As mentioned in the decision, The Pattern Jury Instruction on legal malpractice, which focuses upon the lawsuit-within-a-lawsuit scenario, does not expressly use either the phrase “but for” or “proximate cause” in its formulation (NY Pattern Jury Instruction 2:152). However, the comments to the instruction, while noting the “but for” formulation, provide that a defendant-attorney’s negligence need only be “a” proximate cause of damages and refer the reader to the general Pattern Jury Instruction on proximate cause (NY PJI 2:152, p 872, 880; NY PJI 2:70). As stated: “Moreover, our reading of the case law does not reveal that a heightened standard for causation is actually being applied in legal malpractice cases. Rather, all results can be explained by application of general principles of proximate cause.”

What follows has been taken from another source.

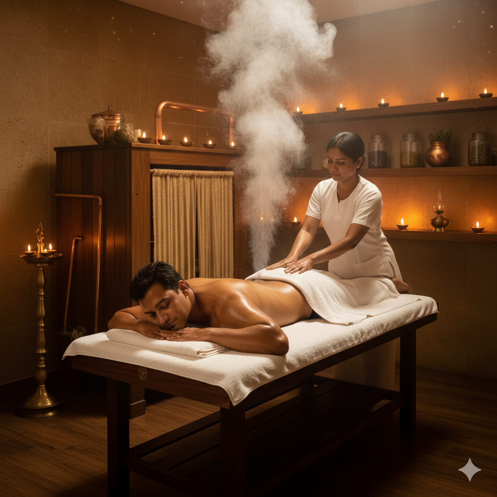 Full body steam therapy with therapeutic oil massage

The Second Department decision in Barnett v. Schwartz gave an instructive lesson concerning proximate cause in a legal malpractice case:
For example, in the lawsuit-within-a-lawsuit scenario, the plaintiff-client must prove that but for the defendant-attorney’s negligence they would have prevailed in the underlying action. Stated otherwise, if the plaintiff-client cannot prove that it would have prevailed in the underlying action, the defendant-attorney’s negligence was not a proximate cause of any damages arising from the loss of the same. Further, there are several decisions from this court requiring the plaintiff-client to prove both that the defendant-attorney’s negligence was “a” proximate cause of damages, and that “but for” such negligence it would have prevailed in the underlying action or would not have incurred damages (see e.g. Moran v McCarthy, Safrath & Carbone, P.C., 31 AD3d 725; Terio v Spodek, 25 AD3d 781). Clearly, these decisions do not provide for two different measures of causation in the same standard. Indeed, it would appear that the “but for” language, which grew out of the lawsuit-within-a-lawsuit scenario (see Carmel v Lunney, 70 NY2d 169; N. A. Kerson Co. v Shayne, Dachs, Weiss,Kolbrenner, Levy & Levine, 45 NY2d 730), is merely a recognition of the factual particularities of proving proximate cause and damages in such an action. When applied in a case involving negligent legal advice (i.e., a case where there is no underlying cause of action to lose), it would appear that the “but for” formulation is merely a recognition of the factual complexities that may attend proving proximate cause when the legal advice was merely one of a myriad of factors that contributed to the plaintiff-client’s ultimate decision or course of action (see e.g. AmBase Corp. v Davis Polk &Wardwell, 8 NY3d 428).
Finally, we note, a conclusion that the “but for” formulation of causation requires proof that the negligence of the defendant-attorney was the sole proximate cause of damages is contrary to the holding of the Court of Appeals that the contributory negligence of the plaintiff-client may be pleaded as an affirmative defense (see Arnav Indus. Inc. Retirement Trust v Brown,Raysman, Millstein, Felder & Steiner, 96 NY2d 300; see also Boudreau v Ivanov, 154 AD2d 638).
In determining that the legal malpractice case should continue and not be dismissed, the Second Department simply stated:
“In sum, regardless of the formulation employed, a plaintiff in a legal malpractice action need prove only that the defendant-attorney’s negligence was a proximate cause of damages.”